Strona 23 z 35

Re: Cynia [*] i Robinia - z Radomia - znowu w Wawie. Leczeni

: 07 sie 2021, 8:26
autor: Ronek
O, rekonwalescencja w tak znakomitym ośrodku poprawia rokowanie o kilkadziesiąt procent!
Zgadzam się, Robinia sprawia bardzo pogodne wrażenie.

Re: Cynia [*] i Robinia - z Radomia - znowu w Wawie. Leczeni

: 07 sie 2021, 14:15
autor: porcella
Co nas nie zwalnia z trzymania kciuków :-)

Re: Cynia [*] i Robinia - z Radomia - znowu w Wawie. Leczeni

: 07 sie 2021, 16:50
autor: sosnowa
Zdecydowanie.

Re: Cynia [*] i Robinia - z Radomia - znowu w Wawie. Leczeni

: 14 sie 2021, 20:46
autor: zwierzur
Raport grozy czas zacząć... :shock: Pojechałyśmy dziś zdjąć ocalałe resztki szwów. Robinia w lecznicy wydała mi się dziwna, ale dr niczego się nie dopatrzyła, więc odpuściłam uznając, że się czepiam. Temperatura w normie, waga 850 g. Dolny ząb złamany, górne trochę przerośnięte, ale dr powiedziała, że pomyślimy nad nimi za tydzień, na razie nie ruszamy, bo dziewuszka je z apetytem. Przyszły wyniki krwi, coś jest nie tak z czerwonymi krwinkami, reszta parametrów w porządku. Mamy powtórzyć badania krwi za tydzień. Wróciłyśmy do domu, wyciągam prosię z transportera, a ono mi leje się przez ręce... Masaż świni, oklepywanie, przewracanie i próby stawiania na łapy, o transporcie do weta w tym stanie nie ma mowy, bo mi nie dojedzie żywa. Spanikowana miącham dziewczynę, która pokłada się wiotka i bez kontaktu. Brak reakcji na podsuniętą pod nos pietruchę... Łapię za telefon, żeby mi wetka powiedziała, co robić i w tym momencie Robinia wraca z zaświatów pełnym protestu kwiknięciem. Staje normalnie na łapkach, otrząsa się, jakby sama nie była pewna, gdzie jest i co się dzieje. Ona mogła ze stresu tak...? Przyszło mi jeszcze do głowy, jak już ochłonęłam z emocji, że może się przegrzała, bo wyjmowałam ją po powrocie spod ręczniczka i drybedu, pod którymi się schowała w czasie podróży. Przez bitą godzinę nie spuszczałam jej z oczu. Poszła do michy, zjadła, co było i normalnie się położyła. W tej chwili jest już wszystko w porządku. Podnosi z zainteresowaniem łepetynę, gdy do niej zaglądam, jakby pytała, czego chcę. Co przeżyłam, to moje...

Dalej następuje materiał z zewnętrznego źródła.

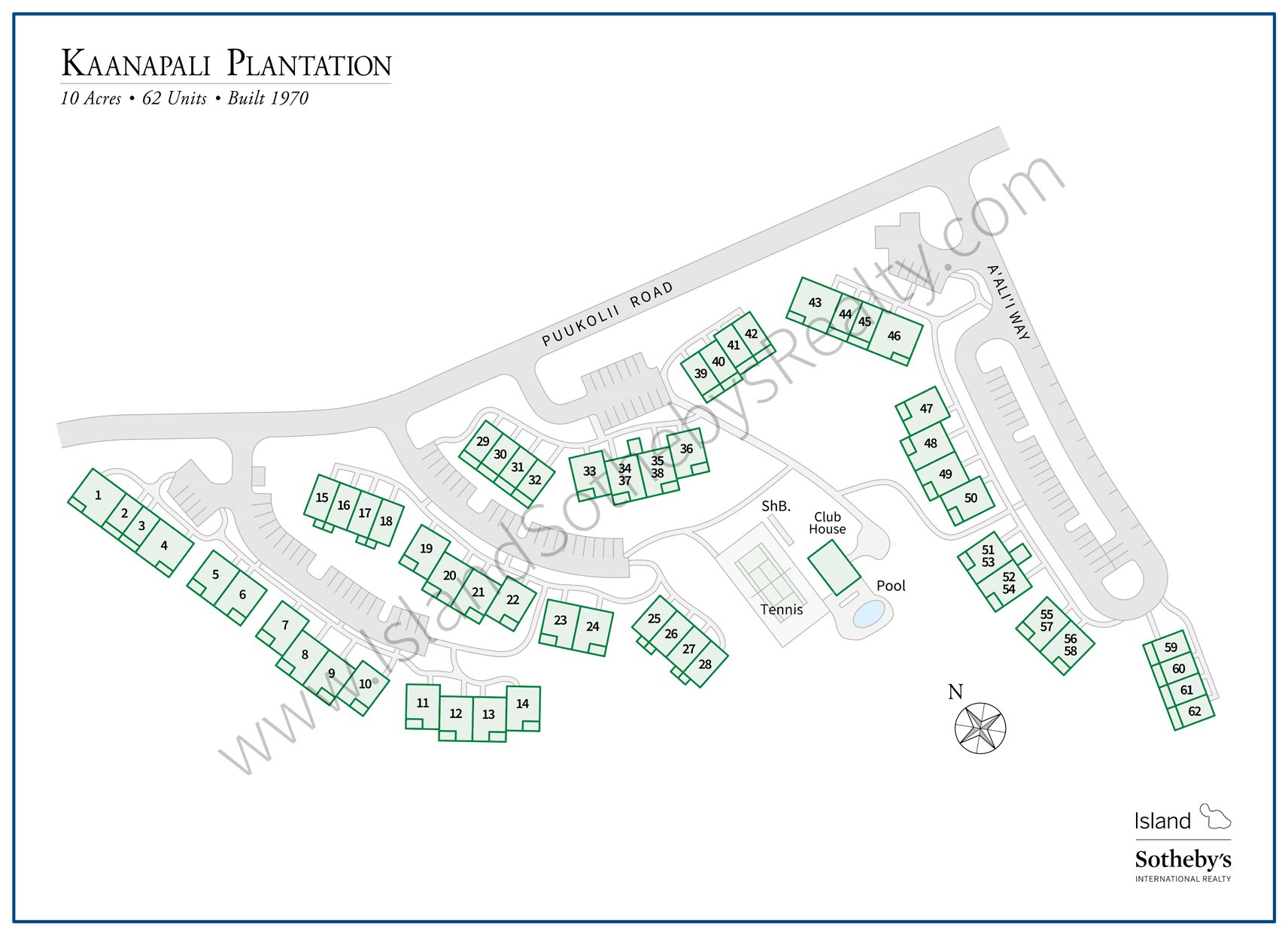 Located on Kaanapali’s Hillside fronting the Kaanapali Golf Course is Kaanapali Plantation, a 62-unit condominium development on 10 acres, built in 1970.

Re: Cynia [*] i Robinia - z Radomia - znowu w Wawie. Leczeni

: 15 sie 2021, 1:21
autor: yennefer105
Czytałam z przerażeniem, dobrze, że oprzytomniała, że żyje. Chyba raczej to nie była reakcja na stres, dużo już tych wizyt było w je życiu i różnych zabiegów ale przy mnie nigdy tak nie reagowała. Może faktycznie trochę się zgrzała... A krwinki może jeszcze nie są w normie po operacji, tak się zastanawiam. W każdym razie trzymam kciuki z całego serca!

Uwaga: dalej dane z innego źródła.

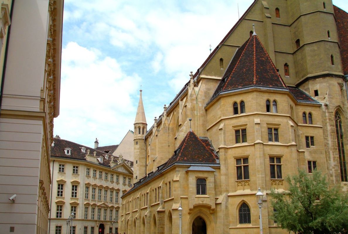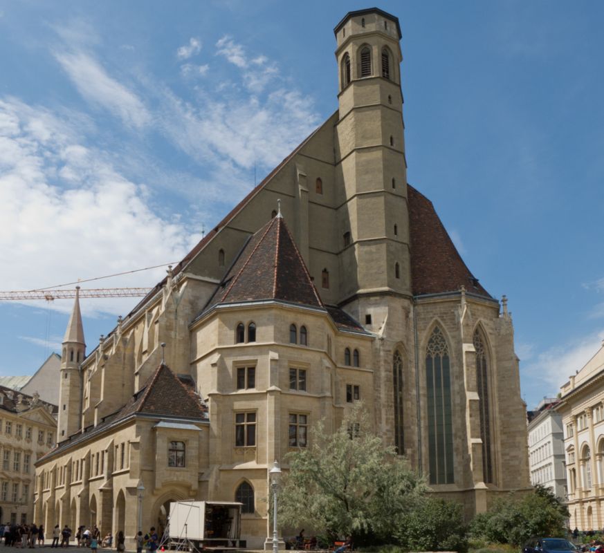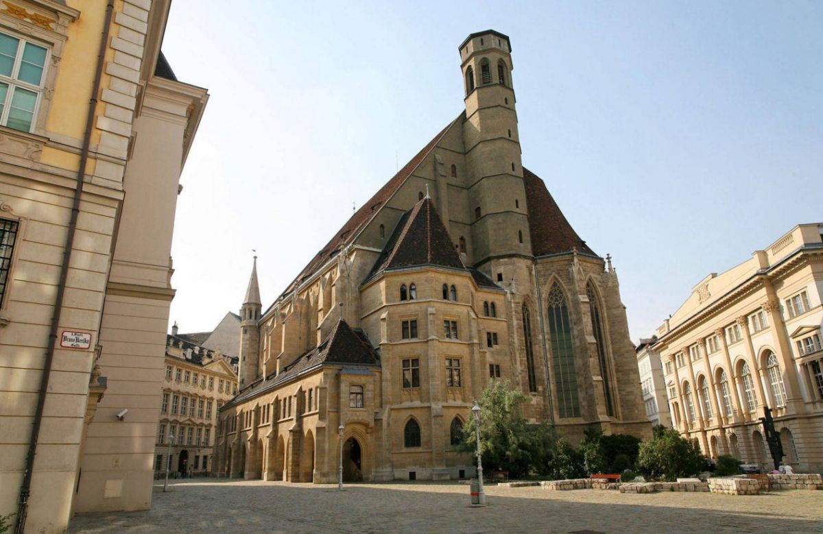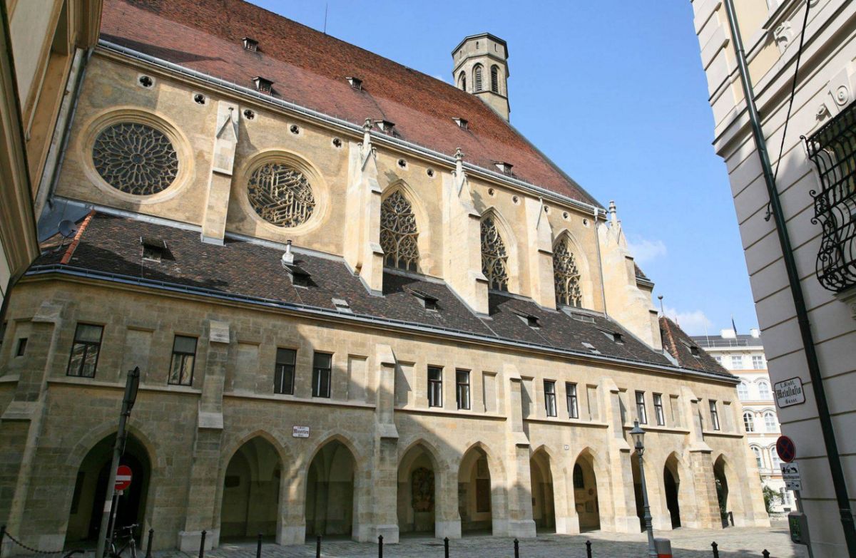 Церковь миноритов была заложена в 1275 году, став одной из первых церквей в готическом стиле в Вене. Первые изменения в архитектуре здания произошли довольно быстро: в 1328 году была построена часовня в честь Людовика IX Святого. Часовня имела отдельный вход и не соединялась с церковью. Однако, объединение произошло уже в 1340 году, создав трехнефное единое помещение.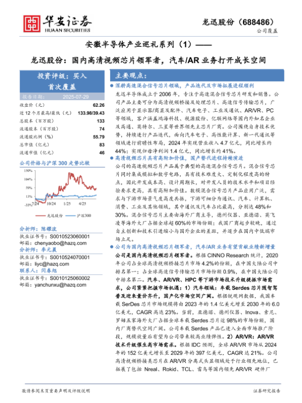 【华安证券】【20250729】龙迅股份:国内高清视频芯片领军者,汽车/AR业务打开成长空间-32页 证券期货研究报告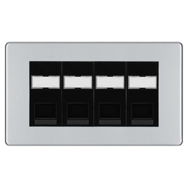 BG Screwless Polished Chrome 4 Gang RJ45 Cat5e Data Socket Black Inserts

Re: Cynia [*] i Robinia - z Radomia - znowu w Wawie. Leczeni

: 16 sie 2021, 8:58
autor: porcella
Stawiałabym na udar cieplny. Latem używam często wkładu do zamrażarki, albo plastikowej butelki z lodem owinietych w skarpetę. W transporterach szybko się nagrzewa, mogła zemdleć. Jest osłabiona, to była naprawdę ciężka operacja, inna swinka pewnie byłaby w porządku, a ona fajt. Dobrze, że była łaskawa powrócić... Kiedyś mi się Tola tak przegrzala w drodze do Mv, nie do zemdlenia, ale miała tachykardie, doktor Kasia ją schładzała m.in. smarujac uszka spirytusem, podobno najskuteczniejsze, potem trzeba jakims tlustym, bo wysusza. Trzymam dalej i za nerwy @Zwierzurka!

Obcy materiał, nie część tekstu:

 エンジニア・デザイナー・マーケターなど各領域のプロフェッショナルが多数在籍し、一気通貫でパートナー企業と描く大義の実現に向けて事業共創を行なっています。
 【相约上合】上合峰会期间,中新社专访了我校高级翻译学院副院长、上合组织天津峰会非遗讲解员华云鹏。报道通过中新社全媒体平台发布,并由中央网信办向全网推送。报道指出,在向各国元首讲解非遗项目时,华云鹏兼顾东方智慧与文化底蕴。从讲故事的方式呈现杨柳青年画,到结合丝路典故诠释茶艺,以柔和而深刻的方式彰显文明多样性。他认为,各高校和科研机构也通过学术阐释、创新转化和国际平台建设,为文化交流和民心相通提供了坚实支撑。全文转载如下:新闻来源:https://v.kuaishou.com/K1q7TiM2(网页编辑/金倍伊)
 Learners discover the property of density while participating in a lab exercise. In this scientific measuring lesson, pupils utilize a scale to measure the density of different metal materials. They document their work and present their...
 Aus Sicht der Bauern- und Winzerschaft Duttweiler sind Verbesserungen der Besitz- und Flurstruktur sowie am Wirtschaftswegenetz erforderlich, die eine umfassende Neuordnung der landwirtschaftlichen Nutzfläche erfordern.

Re: Cynia [*] i Robinia - z Radomia - znowu w Wawie. Leczeni

: 17 sie 2021, 6:43
autor: sosnowa
O cholibka, nie zazdroszczę emocji! Grawa tak kiedyś zrobiła w MV ze stresu. Przegrzanie bardzo możliwe.
Trzymam.

Re: Cynia [*] i Robinia - z Radomia - znowu w Wawie. Leczeni

: 17 sie 2021, 8:49
autor: Ronek
Niezły thriller. Robinia uznała, że potrzebujesz mocnych wrażeń. Trzymamy nadal.

Re: Cynia [*] i Robinia - z Radomia - znowu w Wawie. Leczeni

: 18 sie 2021, 11:23
autor: sosnowa
I jak ona się ma?

Re: Cynia [*] i Robinia - z Radomia - znowu w Wawie. Leczeni

: 20 sie 2021, 20:49
autor: zwierzur
U Robinii wszystko w porządeczku. Miała dziś kontrolnie pobieraną krew. Jutro powinny być wyniki. Ząbki przerośnięte, ale dziewuszka nadal je z apetytem, zwłaszcza świeżą zieleninę. Radzi sobie też z granulatem, choć mamle go strasznie. Najważniejsze, że trzyma wagę - nadal mamy 850 g. Mała gadułka. Lubi bardzo głaskanie i cudnie się przytula. :love: Podróż w obie strony bez "niespodzianek". Może dlatego, że w sąsiednim transporterze siedział drugi pacjent. Nie omieszkam dodać, że współpasażer jest przedstawicielem płci męskiej. :102: Jak streściłam dr przebieg wydarzeń, to zapytała, czy to nie było ze stresu... Hmm... Raczej się już nie dowiemy. Przyznam, że na dzisiejszą wizytę zabrałam ją z duszą na ramieniu, ale nic się nie wydarzyło. Uff...!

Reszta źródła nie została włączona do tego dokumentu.